* Exercise details
Using the records below, give again exactly the lines from the line that contains "Sau khi nghe" through the line that contains "You will be", both ends included, and only those.

*** Opening Given data ***

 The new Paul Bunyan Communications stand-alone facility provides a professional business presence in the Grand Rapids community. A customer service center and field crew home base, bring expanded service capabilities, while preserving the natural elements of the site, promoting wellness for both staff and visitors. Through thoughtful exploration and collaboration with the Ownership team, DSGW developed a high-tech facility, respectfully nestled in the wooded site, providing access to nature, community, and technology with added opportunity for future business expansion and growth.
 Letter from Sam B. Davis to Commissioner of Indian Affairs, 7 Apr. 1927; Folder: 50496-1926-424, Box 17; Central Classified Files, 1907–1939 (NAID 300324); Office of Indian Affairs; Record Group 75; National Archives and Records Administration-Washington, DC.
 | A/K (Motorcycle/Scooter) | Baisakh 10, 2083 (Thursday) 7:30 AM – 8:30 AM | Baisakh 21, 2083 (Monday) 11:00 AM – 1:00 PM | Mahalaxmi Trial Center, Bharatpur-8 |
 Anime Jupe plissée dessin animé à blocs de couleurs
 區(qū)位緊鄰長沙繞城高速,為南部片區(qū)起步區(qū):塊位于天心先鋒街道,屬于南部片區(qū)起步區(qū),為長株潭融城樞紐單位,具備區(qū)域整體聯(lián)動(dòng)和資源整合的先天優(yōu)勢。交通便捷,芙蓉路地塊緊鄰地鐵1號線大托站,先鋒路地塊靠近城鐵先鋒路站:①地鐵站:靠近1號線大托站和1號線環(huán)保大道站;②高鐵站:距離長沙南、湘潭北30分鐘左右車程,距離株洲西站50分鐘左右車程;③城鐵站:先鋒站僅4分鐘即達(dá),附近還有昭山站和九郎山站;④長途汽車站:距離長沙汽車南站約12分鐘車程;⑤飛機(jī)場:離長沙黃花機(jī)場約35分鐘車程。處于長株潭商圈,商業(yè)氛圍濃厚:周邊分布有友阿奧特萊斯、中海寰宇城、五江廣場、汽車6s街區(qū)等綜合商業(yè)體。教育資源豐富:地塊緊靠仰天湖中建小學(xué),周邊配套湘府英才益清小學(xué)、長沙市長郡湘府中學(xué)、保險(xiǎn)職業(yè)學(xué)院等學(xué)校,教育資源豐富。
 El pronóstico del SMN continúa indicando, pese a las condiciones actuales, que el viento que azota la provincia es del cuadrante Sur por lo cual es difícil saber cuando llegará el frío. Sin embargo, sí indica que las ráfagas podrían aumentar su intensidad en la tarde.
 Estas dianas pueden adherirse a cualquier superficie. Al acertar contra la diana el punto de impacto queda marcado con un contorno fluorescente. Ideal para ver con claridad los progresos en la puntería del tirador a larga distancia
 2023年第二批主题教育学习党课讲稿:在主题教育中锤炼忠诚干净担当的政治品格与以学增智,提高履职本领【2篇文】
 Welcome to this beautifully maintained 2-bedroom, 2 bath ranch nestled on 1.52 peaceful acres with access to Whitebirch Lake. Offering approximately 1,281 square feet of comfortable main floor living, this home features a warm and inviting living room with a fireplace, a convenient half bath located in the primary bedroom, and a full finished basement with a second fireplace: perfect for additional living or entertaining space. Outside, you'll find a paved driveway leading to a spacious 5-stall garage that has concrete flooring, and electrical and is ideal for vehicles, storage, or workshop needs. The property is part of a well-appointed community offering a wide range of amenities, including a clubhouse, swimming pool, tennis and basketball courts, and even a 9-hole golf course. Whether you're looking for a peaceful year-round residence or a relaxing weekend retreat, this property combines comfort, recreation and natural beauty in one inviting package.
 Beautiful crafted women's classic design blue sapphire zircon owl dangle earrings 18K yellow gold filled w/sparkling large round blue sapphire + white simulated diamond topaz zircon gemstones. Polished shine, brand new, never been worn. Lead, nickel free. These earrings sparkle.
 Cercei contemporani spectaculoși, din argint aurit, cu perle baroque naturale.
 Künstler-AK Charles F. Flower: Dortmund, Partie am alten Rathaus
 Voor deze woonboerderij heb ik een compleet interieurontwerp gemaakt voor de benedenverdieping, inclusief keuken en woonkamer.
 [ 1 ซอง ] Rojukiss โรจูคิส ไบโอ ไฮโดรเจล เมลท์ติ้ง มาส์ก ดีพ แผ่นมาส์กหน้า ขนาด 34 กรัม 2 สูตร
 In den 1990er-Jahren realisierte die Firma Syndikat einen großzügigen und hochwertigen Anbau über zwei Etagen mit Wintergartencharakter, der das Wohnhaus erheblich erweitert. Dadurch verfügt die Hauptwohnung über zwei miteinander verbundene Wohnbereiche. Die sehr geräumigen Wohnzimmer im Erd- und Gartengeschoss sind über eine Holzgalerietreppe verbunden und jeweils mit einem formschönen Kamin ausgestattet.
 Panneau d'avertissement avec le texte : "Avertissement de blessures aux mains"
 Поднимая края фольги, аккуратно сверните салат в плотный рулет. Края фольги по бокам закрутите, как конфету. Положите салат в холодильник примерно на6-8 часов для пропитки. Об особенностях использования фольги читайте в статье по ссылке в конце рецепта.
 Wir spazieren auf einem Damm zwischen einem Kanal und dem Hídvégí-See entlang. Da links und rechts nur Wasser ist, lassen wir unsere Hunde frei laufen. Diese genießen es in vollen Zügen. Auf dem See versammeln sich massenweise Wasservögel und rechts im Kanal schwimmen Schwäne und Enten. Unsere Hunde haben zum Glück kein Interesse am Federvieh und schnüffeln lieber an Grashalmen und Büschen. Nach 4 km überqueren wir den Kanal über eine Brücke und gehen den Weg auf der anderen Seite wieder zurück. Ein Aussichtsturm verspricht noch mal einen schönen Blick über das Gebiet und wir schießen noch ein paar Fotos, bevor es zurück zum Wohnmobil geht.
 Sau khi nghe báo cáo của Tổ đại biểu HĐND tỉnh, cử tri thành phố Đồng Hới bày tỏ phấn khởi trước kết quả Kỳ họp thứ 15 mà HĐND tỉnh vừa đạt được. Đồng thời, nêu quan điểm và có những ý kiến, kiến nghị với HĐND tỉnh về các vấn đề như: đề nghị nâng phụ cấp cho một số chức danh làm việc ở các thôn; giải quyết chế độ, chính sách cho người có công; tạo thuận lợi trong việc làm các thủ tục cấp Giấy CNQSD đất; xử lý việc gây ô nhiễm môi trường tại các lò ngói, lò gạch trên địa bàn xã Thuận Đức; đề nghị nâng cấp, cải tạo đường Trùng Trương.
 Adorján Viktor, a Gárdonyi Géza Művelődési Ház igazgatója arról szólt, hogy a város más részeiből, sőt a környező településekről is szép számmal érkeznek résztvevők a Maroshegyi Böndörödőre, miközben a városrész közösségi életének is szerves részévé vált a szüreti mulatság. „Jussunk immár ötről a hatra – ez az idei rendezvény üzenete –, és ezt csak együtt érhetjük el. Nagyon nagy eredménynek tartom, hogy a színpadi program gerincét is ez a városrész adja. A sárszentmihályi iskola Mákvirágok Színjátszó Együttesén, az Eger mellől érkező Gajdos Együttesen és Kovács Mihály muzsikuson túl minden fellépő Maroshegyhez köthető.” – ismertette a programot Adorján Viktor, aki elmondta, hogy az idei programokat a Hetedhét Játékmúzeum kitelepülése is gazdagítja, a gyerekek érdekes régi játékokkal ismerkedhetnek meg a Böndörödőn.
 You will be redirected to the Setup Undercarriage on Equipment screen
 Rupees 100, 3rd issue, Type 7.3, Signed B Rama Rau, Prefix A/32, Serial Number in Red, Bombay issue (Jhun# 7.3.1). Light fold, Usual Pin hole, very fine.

*** Closing Given data ***

* Exercise output
 Sau khi nghe báo cáo của Tổ đại biểu HĐND tỉnh, cử tri thành phố Đồng Hới bày tỏ phấn khởi trước kết quả Kỳ họp thứ 15 mà HĐND tỉnh vừa đạt được. Đồng thời, nêu quan điểm và có những ý kiến, kiến nghị với HĐND tỉnh về các vấn đề như: đề nghị nâng phụ cấp cho một số chức danh làm việc ở các thôn; giải quyết chế độ, chính sách cho người có công; tạo thuận lợi trong việc làm các thủ tục cấp Giấy CNQSD đất; xử lý việc gây ô nhiễm môi trường tại các lò ngói, lò gạch trên địa bàn xã Thuận Đức; đề nghị nâng cấp, cải tạo đường Trùng Trương.
 Adorján Viktor, a Gárdonyi Géza Művelődési Ház igazgatója arról szólt, hogy a város más részeiből, sőt a környező településekről is szép számmal érkeznek résztvevők a Maroshegyi Böndörödőre, miközben a városrész közösségi életének is szerves részévé vált a szüreti mulatság. „Jussunk immár ötről a hatra – ez az idei rendezvény üzenete –, és ezt csak együtt érhetjük el. Nagyon nagy eredménynek tartom, hogy a színpadi program gerincét is ez a városrész adja. A sárszentmihályi iskola Mákvirágok Színjátszó Együttesén, az Eger mellől érkező Gajdos Együttesen és Kovács Mihály muzsikuson túl minden fellépő Maroshegyhez köthető.” – ismertette a programot Adorján Viktor, aki elmondta, hogy az idei programokat a Hetedhét Játékmúzeum kitelepülése is gazdagítja, a gyerekek érdekes régi játékokkal ismerkedhetnek meg a Böndörödőn.
 You will be redirected to the Setup Undercarriage on Equipment screen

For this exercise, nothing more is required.